Their Last Second Chance
Page 13
Except right this second she didn’t care about the article. Her career. Her life in New York. All she saw across from her was the man she had loved more than any other on the planet, his eyes soft and happy, and the past erased between them.
“Evelyn, uh, said she’s been dating a younger man—he’s ninety-eight—for some time now and that being with him is part of what keeps her young.” Melanie took a bite of creamy, buttery mashed potatoes.
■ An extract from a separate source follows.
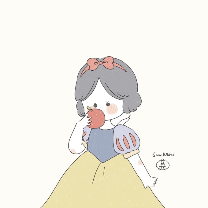 こんばんは✨ 今朝のクイズの答えは➀14歳 ディズニープリンセスの中では最年少だそう🍎 しかし、グリム童話の原作では白雪姫は7歳設定です💦 小1…www 今日もありがとうございました👼✨ #絵描きさんと繋がりたい #みんなで楽しむTwitter展覧会 #絵描きさんフォロバ100 #白雪姫 #童話

They paired perfectly with the tender chicken marsala. Or so her taste buds said. Her brain had stopped functioning the minute she saw Harris smile.
“That’s pretty incredible,” Harris said, and the part of her that still cared what he thought was pleased he was impressed. They talked some more about her story as they ate, and the amazing meal Della had made began to disappear from their plates.
The wine was nearly gone, their plates almost clean, before Melanie circled the conversation back around to the fire. She almost didn’t bring it up, because she wanted to hold on to these light, fun moments with Harris awhile longer. To go on thinking about that kiss, about his joke about them moving in together and about how much she had missed him in the years apart.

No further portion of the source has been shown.